В пределах системы варнашрама-дхармы они осуществят каждый своё желание, но при этом они смогут духовно развиваться и в конце концов добьются какой-то более высокой цели. Иначе говоря Кришна объясняет здесь что система варнашрама-дхармы предназначена для людей. у которых остались материальные желания. Теперь поднимите руки, у кого не осталось никаких материальных.

Ни одного. Нет таких? Что это значит? Да, это значит что по сути дела варнашрама-дхарма нужна. Хотим мы этого или не хотим. Нам может не нравится это, нас может это так или иначе не интересовать, поэтому Шрила Прабхупада где-то в 76 или в 77 году у него состоялся одна беседа с преданными в комнате где он говорил как раз об этом. И где Сатсварупа Махарадж, Хари Шаури и еще несколько преданных пытались ему доказать что в ИСККОН варнашрама не нужна.

Зачем нам варнашрама? Мы все вайшнавы, Хари бол! Он говорил: - Если все вайшнавы, то почему они падают? Очень простой аргумент. Если вы все вайшнавы, если вы уже поднялись над гунами и у вас нет никаких материальных желаний, то почему вы падаете обратно в гуны?

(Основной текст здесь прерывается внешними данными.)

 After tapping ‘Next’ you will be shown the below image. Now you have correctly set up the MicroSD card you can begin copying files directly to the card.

Он сказал: - Вайшнав это не так просто. Вайшнав это не так дёшево. И дальше он сказал: - Чтобы стать вайшнавам вам нужна варнашрама-дхарма . Это то, как он сказал. Точная цитата в этой беседе.

Чтобы стать вайшнавом, человеку сначала нужно стать шудрой. И только если он станет шудрой и будет хорошим шудрой, тогда он может стать вайшнавом. Так или иначе он долго говорил в этой беседе. Это очень интересная беседа которую можно почитать, но он подчеркивал что варнашрама нужна в ИСККОН, для того чтобы люди стали вайшнавами и в конце концов не падали. И мы можем видеть по сути дела, что сейчас так или иначе, по тем или иным причинам...

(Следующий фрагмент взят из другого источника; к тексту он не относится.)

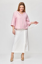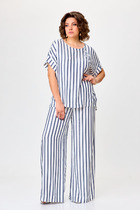 Костюм женский из кулирного полотна состоит из футболки и брюк. Футболка - прямой силуэт, горловина круглая, рукав короткий, втачной, низ изделия обработан на плоскошовной машине, на полочке принт. Брюки прямые, верх на поясе с резинкой, в боковых швах внутренние карманы, низ изделия на манжете.

У нас а замечательная философия, потрясающая философия, самые лучшая философия на свете, в этом нет никаких сомнений по крайней мере у меня. Но тем не менее не смотря на нашу замечательную философию мы видим что в Обществе что-то не действует. Так или иначе эта замечательная философия не может проявить все свои замечательные качества.

Мы видим как в ИСККОН, как в Обществе есть состояние перманентный неудовлетворённости. Разные люди по разным причинам не удовлетворены. И в каждом отдельном случае можно сказать: - Вот он не удовлетворён, потому что он в в майе; он не удовлетворён, потому что он в майе; он не удовлетворён, потому что он в майе... И все в майе и все не удовлетворены.

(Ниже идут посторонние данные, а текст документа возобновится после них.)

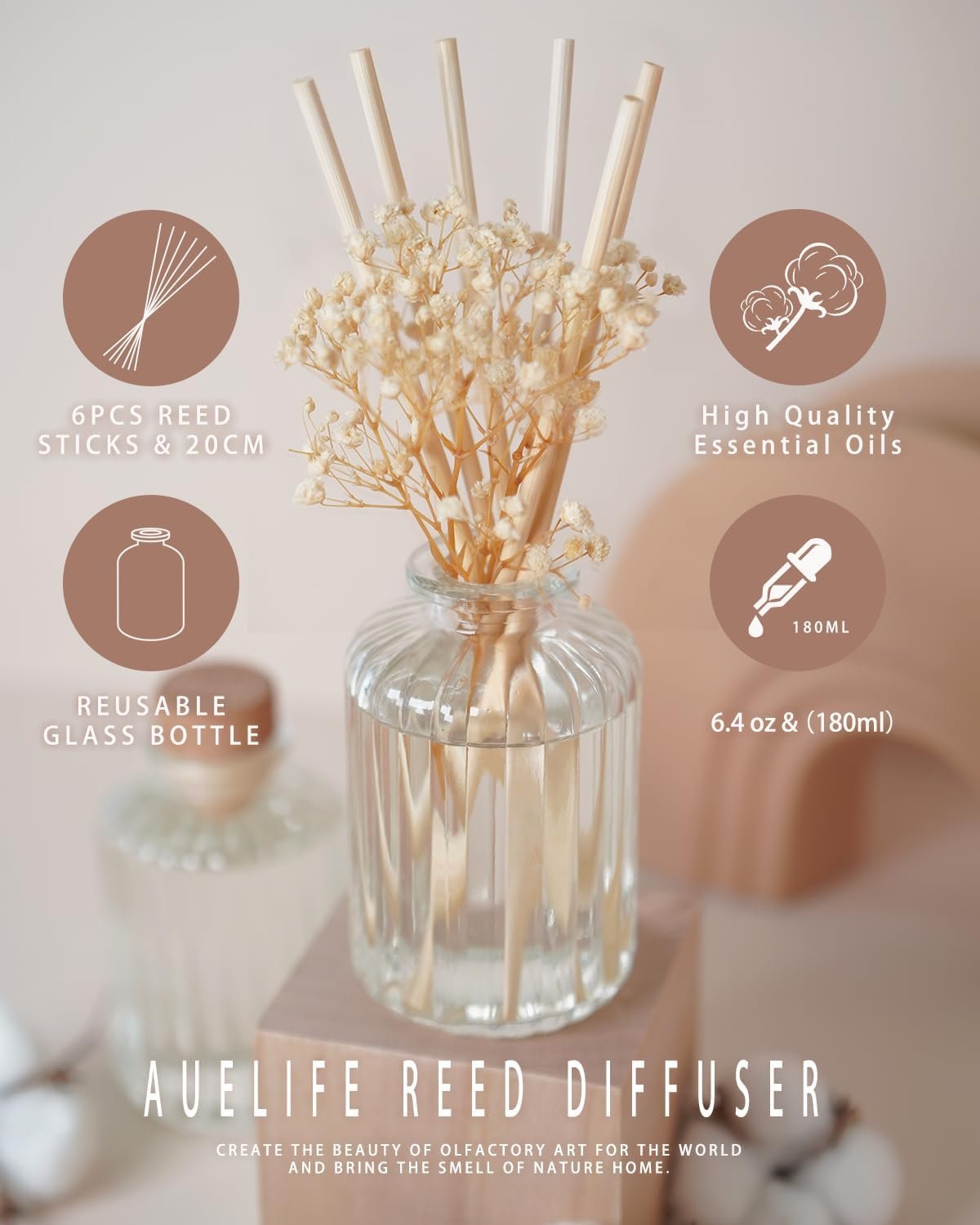Auelife Reed Diffuser Set for Home, 6.4 oz Cashmere Vanilla Scented Diffuser with Sticks Preserved Real Flower Reed Diffuser Home Fragrance Essential Oil Reed Diffuser for Bathroom Shelf Decor

Но тем не менее мы видим, что есть состояние тотальной неудовлетворённости. Я могу рассказать замечательную историю. Не рассказывайте её пожалуйста её никому. Это секрет  :smilies:  Но тем не менее я расскажу историю, которая характеризует наше Общество. Я могу это говорить потому что сам я так или иначе предан этой организации.

Я сам предан этой организации поэтому я могу сказать что-то плохое об этой организации тоже. Я имею право на это. Равиндра Сварупа говорил что ИСККОН - это замечательная организация. В ИСККОНе мне было по-всякому: иногда было очень плохо, иногда я был в отчаянии, иногда было получше, иногда было не очень хорошо, но никогда не было скучно.

В этом по крайней мере что-то есть. Так вот история, которую я вам хочу рассказать, мне рассказал один из западных преданных, который живёт в Индии и ему пришлось недавно встретиться с довольно высокопоставленным чином индийского КГБ. В Индии это называется по-моему Си-би-ай (CBI). Что-то вроде этого. Там есть своя секретная полиция как есть в любой другой стране.

Они беседовали и в том числе беседовали за жизнь. И этот бесит член Си-би-ай сказал: - У вас потрясающая организация! Если вы у меня спросите - у вас самая лучшая организация на свете! Эта организация причиняет нам меньше всего хлопот, потому что во все другие организации нам нужно засылать своих агентов. Вы единственная организация где нам нет никакой необходимости засылать своих агентов. Ваши люди сами приходят к нам и всё рассказывают. У нас другой такой нет! Как вам это удается?

На самом деле это смешно, но это о чём-то говорит. И на самом деле нам нужно задуматься,почему нам это удаётся. Почему таким образом получается? В ИСККОН есть очень много сильных качеств, сильных сторон. Мы замечательно можем проповедывать. Мы замечательно можем готовить - наша пища самая лучшая, мы замечательные киртаны поём.

Никто лучше нас киртаны не поёт. Но ещё у нас есть замечательное качество где мы тоже очень сильны. Мы очень сильны в том, чтобы делать врагов собственного Общества. Это, к сожалению, одно из отличительных качеств нашей Организации. Самое удивительное, очень часто этими врагами становятся бывшие преданные.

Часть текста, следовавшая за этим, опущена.